_DATA FOR PROCESSING_
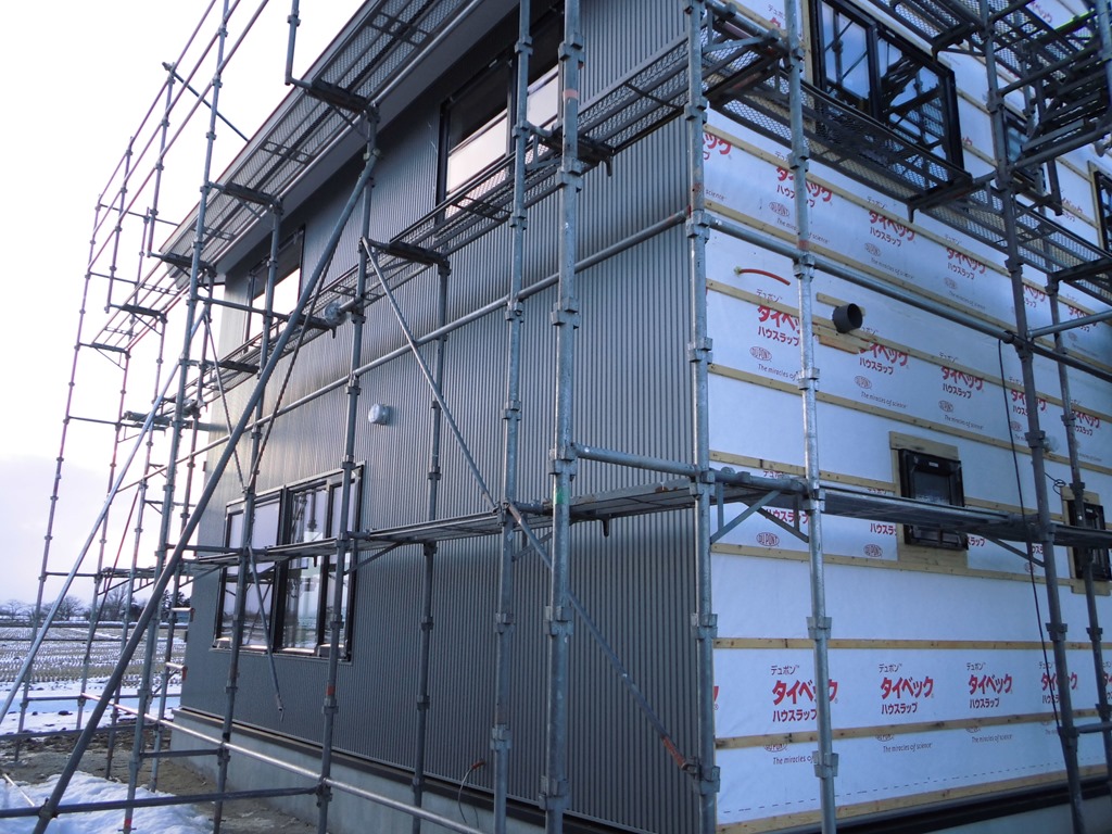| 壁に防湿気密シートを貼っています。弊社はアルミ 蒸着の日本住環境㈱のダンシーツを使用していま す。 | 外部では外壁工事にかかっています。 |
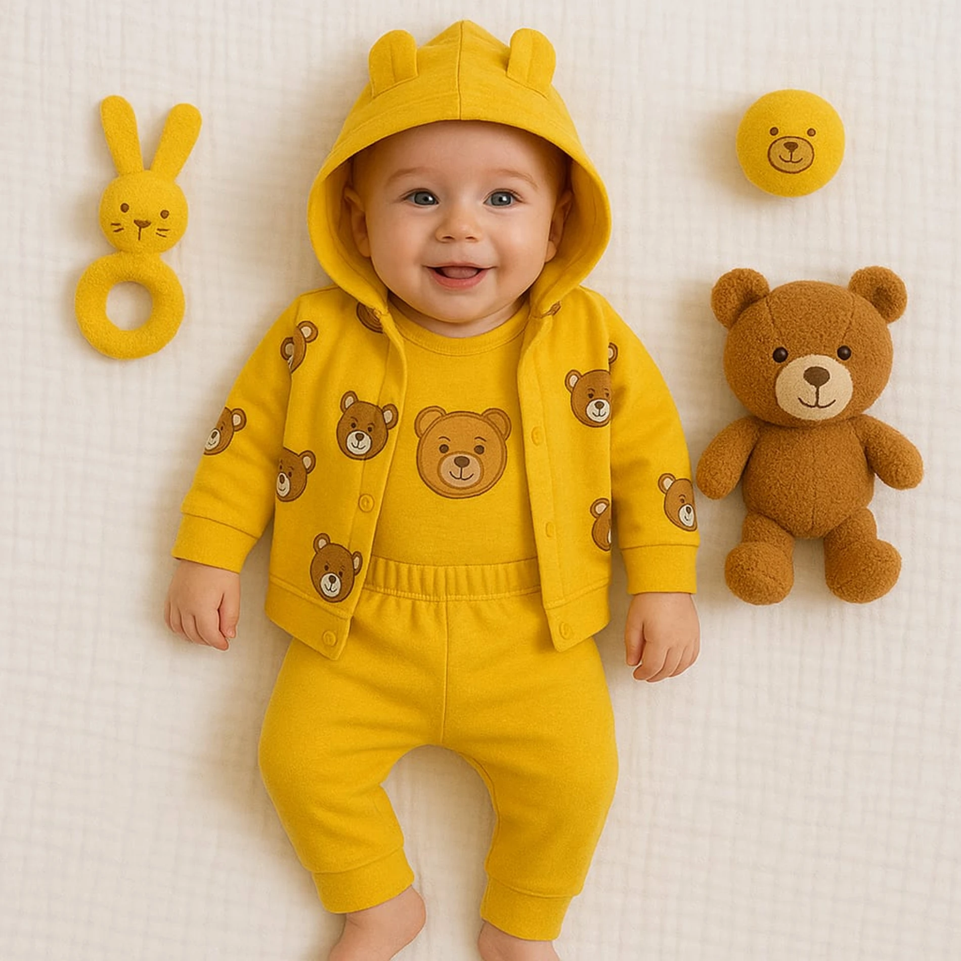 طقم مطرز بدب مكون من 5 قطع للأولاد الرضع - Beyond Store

==

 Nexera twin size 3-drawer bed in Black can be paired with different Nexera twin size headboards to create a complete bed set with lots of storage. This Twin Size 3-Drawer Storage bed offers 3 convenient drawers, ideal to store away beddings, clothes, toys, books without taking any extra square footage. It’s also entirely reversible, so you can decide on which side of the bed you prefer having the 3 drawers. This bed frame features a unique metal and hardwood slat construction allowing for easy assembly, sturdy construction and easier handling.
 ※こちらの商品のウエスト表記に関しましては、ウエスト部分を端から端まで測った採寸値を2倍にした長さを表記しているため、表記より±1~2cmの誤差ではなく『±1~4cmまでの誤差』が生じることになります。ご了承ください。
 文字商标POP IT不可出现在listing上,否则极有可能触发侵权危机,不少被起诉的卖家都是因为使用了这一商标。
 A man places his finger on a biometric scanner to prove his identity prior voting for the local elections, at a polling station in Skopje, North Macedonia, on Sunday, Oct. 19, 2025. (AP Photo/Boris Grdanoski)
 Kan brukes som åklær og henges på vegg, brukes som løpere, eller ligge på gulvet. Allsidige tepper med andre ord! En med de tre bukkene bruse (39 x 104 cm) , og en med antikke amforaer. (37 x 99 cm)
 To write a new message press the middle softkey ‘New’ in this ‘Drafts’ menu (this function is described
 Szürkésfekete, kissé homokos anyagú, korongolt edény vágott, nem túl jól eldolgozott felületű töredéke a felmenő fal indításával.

_TASK DIRECTIONS_
Exact copy, no pictures. Write out the lines in the entries above, starting with the line with "す。 | 外部では外壁工事にかかっています。 |" and going on through the line with "طقم مطرز بدب", keeping both.

_TASK OUTPUT_
| 壁に防湿気密シートを貼っています。弊社はアルミ 蒸着の日本住環境㈱のダンシーツを使用していま す。 | 外部では外壁工事にかかっています。 |
 طقم مطرز بدب مكون من 5 قطع للأولاد الرضع - Beyond Store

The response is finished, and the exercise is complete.